Someone swore on the other end of the transmission. Then the voice came back, “Roger that, Survey. Thunder Horse down.”
The fall of Thunder Horse was to be the final blow that would virtually end drilling operations in the Gulf of Mexico. It made the earlier Deepwater Horizon spill seem a minor precursor by comparison, though the Gulf had yet to recover from that event. Coastal areas of Texas, Louisiana, Mississippi, Georgia, and Florida, and adjacent marshlands were still contaminated with oil, as much of it was simply covered up by BP crews working late night shifts with bulldozers after the disastrous spill of 2010.
The vast deepwater plumes of oil had eventually settled to the floor of the sea, or dispersed in an emulsified soup throughout the Gulf.
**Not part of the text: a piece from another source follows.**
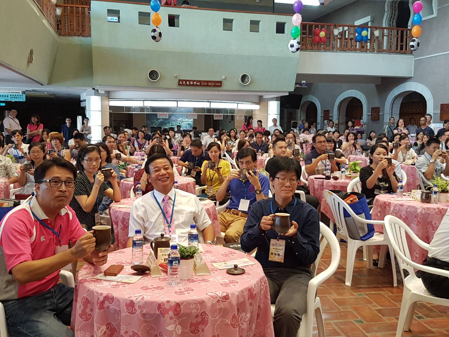 928是至聖先師孔子誕辰,為了紀念偉大的孔子特地訂為教師節,有感老師們平日的辛勞,今天在「春風化雨育英才,百年樹人傳師道」活動中,吳代理縣長帶領貴賓在台上向台下的獲獎者「敬茶」,以表達對師長的景仰與敬意,亦傳達對教育人員的期許,台下教師們也端起茶杯回禮。
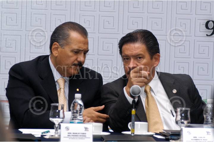 MEXICO,D.F., 09SEPTIEMBRE2009.- El senador Carlos Navarrete conversa con Enrique Iglesias, secretario general Iberoamericano en America Latina y la senadora Yeidkol Polevnesky durante la inauguración del foro "Una banca de desarrollo para el crecimiento economico y la generación de empleo". FOTO: CUARTOSCURO.COM

The massive methane gas release that was at least 40% of the total toxins emitted had created broiling tides and huge dead zones devoid of oxygen where nothing could live. The humid rain would be tainted for months after the event.
The public was not told the full extent of the damage. Mainstream news outlets focused on a single leaking well close to the original site of the platform, but Thunder Horse had long tentacles servicing widely dispersed well sites over a reservoir of one and a half billion barrels of oil. Seven wells were ripped from the sea floor when the big platform fell. They were going to gush in
to the ocean, virtually unimpeded, for the next year and a half, after which the pressure would equalize and the flow rate subside.
The damage from the seven ruptured wells, the “seven sisters of doom,” as they came to be called, was dire enough. The question of saving the Gulf of Mexico was on everyone’s lips in the beginning, but the effects of the disaster on domestic pricing and supply for oil and gas were equally severe. The US had been trying to ‘frack’ its way to energy independence for years, effectively squeezing oil out of rock. Now that limited and very expensive production method could in no way compensate for the massive shortfall, and the President quickly announced the release of the Strategic Petroleum Reserve to mitigate shortages.
What he didn’t announce, however, was the inevitable fact that this problem was going to be far more serious than anyone first believed, and the shortages far more pronounced. Nor did he mention the fact that the 700 million barrels of oil in the reserve would only last 35 days if it had to sustain the average US daily usage of 20 million barrels. If doled out at a more conservative rate of 5 million barrels per day it could ease the shortfall, but producers were immediately looking for any offshore oil they could get to move into the system. Oil on the sea, or ready at coastal terminals was premium now, and any carrier positioned to deliver these commodities to US terminals.
But the US, and the world, did not have 35 days to worry about the problem as the oil dwindled away. They had nine days. Events would soon push even this disaster off the headlines as political posturing and squabbling quickly became all out military confrontation. It would start slowly, building like a bad storm, and Nature would groan in protest, shaking the world with her wrath and displeasure. Nine days…Unless a new version of the events now unfolding could be forged in the past.